As already noted in Section 6.6, one way to solve this problem is to use selection sort. This would correspond to our driver moving the truck in the first parking place to the extra place, then moving the truck with the smallest key to the first place, then moving the truck in the extra place to the place vacated, and so forth. This method is less attractive than the one depicted in Figure 11.12 because it requires substantially more driving, since every move involves driving a new truck to the extra place, while we expect to move relatively few trucks to the extra place in the method depicted in Figure 11.12 (see Exercise 11.44). More important, we have not discussed how the driver finds the truck that he needs. For selection sort, with a very long line of trucks, we might imagine that the driver will be spending a substantial amount of time walking down the row of trucks looking for the one with the smallest key. In our disk-sorting problem, this corresponds to a running time quadratic in the number of blocks, which may be unacceptable.

The sorting process divides into two steps: first we must compute, for each place, the index of the block that belongs there; then we must actually do the specified rearrangement.

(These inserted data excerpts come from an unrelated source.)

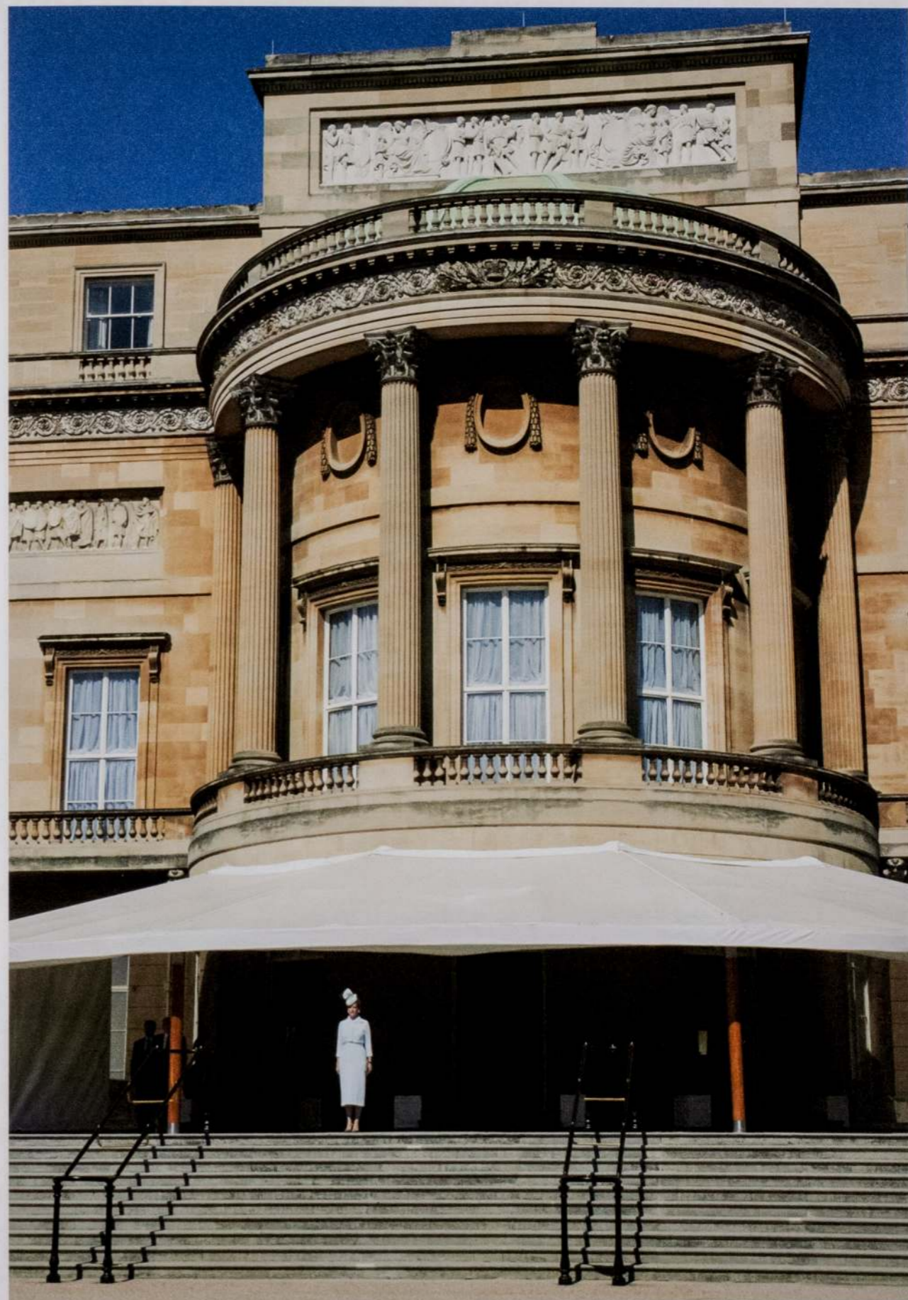
Picture: The arrival of HRH The Countess of Wessex.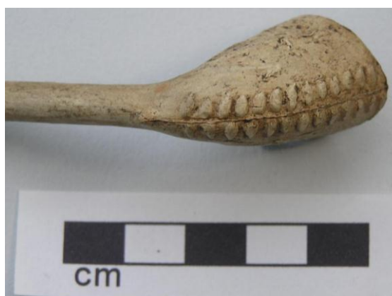
Photo 5. Leaf or branch design on pipe bowl seam to cover up any misalignment in the mould halves.

Some London pipe makers produced rare decorated bowls incorporating heraldic art at this time and leaf or barley patterns were commonly used to cover seams on the bowl, as shown in Photo 5 below.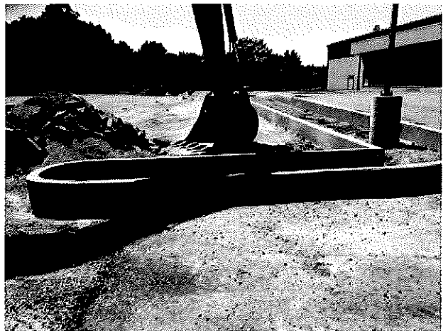
2018.07.13 – East lot, looking south.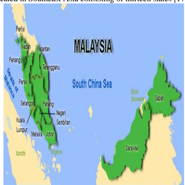
Figure 1 Geography of Malaysia

Malaysia is a country with two geographical regions, which one of them is the Peninsular Malaysia, and the second one is the East Malaysia or Sabah and Sarawak. It is located in Southeast Asia consisting of thirteen states [17].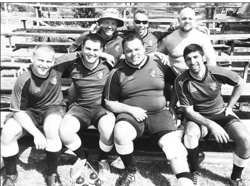
The Blue Ridge Mountain Rugby Club picked up its first ever Top three finish last month in Columbus.

On Saturday, June 21st, Blue Ridge Mountain Rugby Football Club traveled to Columbus GA to play in the longest running 7's tournament in GA (31 years).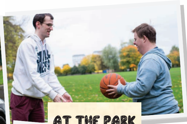
AT THE PARK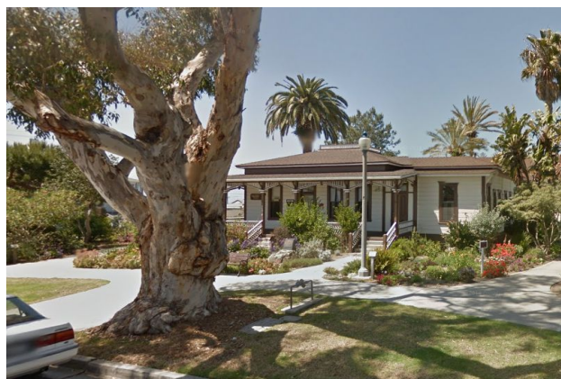
One of two Shipley-Magee House Eucalyptus

We can use any of our sorting algorithms for the first task, as follows: Define a class Item that implements our ITEM interface (see Section 6.2) with two fields: an index and a key. Then, create an array p of N items and initialize it (by scanning through all the blocks on the disk) by setting the index field of p[i] to i and the key field of p[i] to the key of the ith disk block. We assume that we have enough room in memory for such an array; if not, then the external sorting methods introduced in Section 11.4 apply. Now, if we define the less method to be

 boolean less(ITEM w)    { return this.key < ((Item) w).key; }

we can use any of the sorting methods that we have discussed (quicksort, for example) to sort the index items. After the sort, the index field of p[0] is the index of the disk block with the smallest key, p[1] gives the index of the data item with the second smallest key, and so on. That is, these index numbers are none other than the numbers shown in Figure 11.12, which tell the driver where to put each truck.

For some applications, this process is all that we need, since we can achieve the effect of sorting by accessing the keys through the indices, as we do for any Java sort where we rearrange references to objects. Also, we have the flexibility to maintain multiple different sorted index arrays on the same data base, as illustrated in Figure 11.13.

Figure 11.13. Index sorting example

By manipulating indices rather than the records themselves, we can sort an array simultaneously on several keys. For this sample data that might represent students' names and grades, the second column is the result of an index sort on the name, and the third column is the result of an index sort on the grade. For example, Wilson is last in alphabetic order and has the tenth highest grade, while Adams is first in alphabetic order and has the sixth highest grade.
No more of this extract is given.